With the debate about the National Broadband Network well underway, some of the dismissals of why a population would need higher broadband speeds (or as Kevin Rudd so quaintly called it at the Tasmanian Community Cabinet meeting, “Bandspeed”) – often bounce around somewhere between the ridiculous and the incredulous. It’s not only the economic and social value of bringing higher speeds to market at a decent price point that gets the sceptical treatment by those essentially not across the policy brief, but also scepticism aimed at the rhetoric the government has been deploying over the NBN that it is has the importance and consequences of a key essential service akin to roads, power and water, and should be treated as thus.

Of particular interest to this point is the idea that I’ve heard floated around on broadband subsidies for low income households being a possibility further down the track, and how that would fit into the wider policy mix that seems to be falling under the broad banner of the Education Revolution.

Yesterday the ABS released an interesting set of data on sporting, cultural and technological activity undertaken by 5 to 14 year olds over the past 12 months, broken down into a number of demographic cross-tabs.

Within this ABS release is some pretty interesting data on internet use by kids that’s worth looking at and keeping in one’s thought orbit when it comes to some of the issues surrounding the NBN.

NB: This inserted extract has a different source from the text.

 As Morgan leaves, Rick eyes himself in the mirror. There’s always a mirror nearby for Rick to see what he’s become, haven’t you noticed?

First up, the basics – the proportion of 5-14 year olds that accessed the internet in the last 12 months, and broken down by urban geography.

Figures 1 & 2.

ageaccess geographyaccess

The big jump in net access for kids comes between the ages of 9 and 11. Also interesting is that total net access for the 5-14 year cohort starts falling off the further away you get from a capital city.

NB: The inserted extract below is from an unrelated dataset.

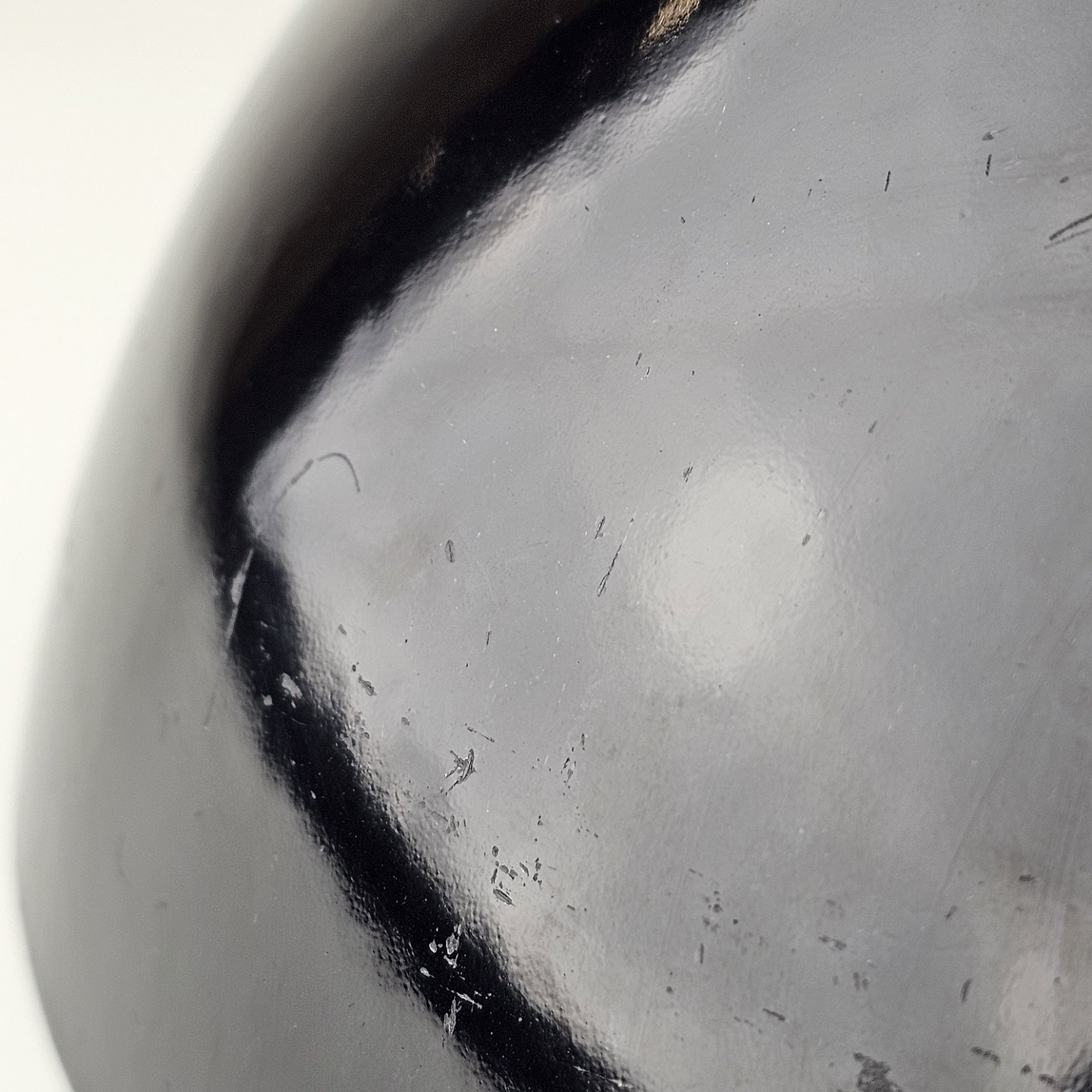 Text zugänglich auf Dänische: Krenit skål af sort metal med sort emalje indvendigt og udvendigt

On the question of where it is that kids access the internet from, the results show some interesting trends across age.

Figure 3

accesslocation

While home based access grows slightly as kids get older, it is primarily the jump in access at school and “Other Places” in the 9-11 year cohort which appears to be one of the reasons for the jump in overall net access for that age group.

Also worth noting is how these overall access changes align with the change in the number of hours the internet gets used each week.

Figure 4

accesstime

They’re the broad basic stats, but where it gets particularly interesting – especially in terms of the NBN debate – is where the ABS broke some of these stats down further using family type and parent’s employment as cross-tabs.

Figure 5

accessfamemp

As generic household employment reduces, so does children’s internet access, with smaller numbers of kids accessing the internet in the past 12 months in those households of either family type where parents were not employed. Some of this is likely to be caused by the affordability of net access at the home, but there’s also a likely to be a big suite of other socio-economic issues involved as well – and it would probably be impossible to pull one apart from the other.

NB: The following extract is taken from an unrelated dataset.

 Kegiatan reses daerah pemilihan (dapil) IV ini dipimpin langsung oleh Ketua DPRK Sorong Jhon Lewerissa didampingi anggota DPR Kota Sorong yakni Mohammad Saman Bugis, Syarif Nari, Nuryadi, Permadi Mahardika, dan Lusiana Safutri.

But the prism that this data is worth looking through comes in the next chart – internet use among 5-14 year olds by activity type:

Figure 6 (click to expand)

netactivitytype

In the past 12 months, a higher proportion of children accessed the internet for educational purposes than any other, by a significantly large margin – something those banging on about the internet being for porn and music piracy might like to sit on and spin for a while.

When we look at the big jump that occurs in total net access in the 9-11 year age cohort, and how that corresponds to the big jump in access at school – we also see the same jump in using the net for educational activities among that cohort.

Figure 7

education

Net use for educational activities, which are most likely driven by use at school, is becoming ubiquitous – by the age of 11 – which is worth thinking about in terms of the likely counter factual of the NBN. If that isn’t built, high speed broadband will still exist in Australia – but it will be more expensive per Mbit and where higher speeds will be limited to a much smaller geographical area.

I wonder what impact if any would be had on ultimate educational outcomes if schools had access to next generation internet applications based only on their geography and capacity to pay for high speeds rather than a more universal availability that would occur with the NBN?

How important is high speed access at home likely to be in terms of education outcomes? Taking into account what we already know via the data contained in Figure 5 – could we use employment as a proxy for income, and if so, is there a case for some form of government subsidisation for home access for low income families?

If there is, I’d be interested in your thoughts on whether or how the benefits accrued would be larger than the costs?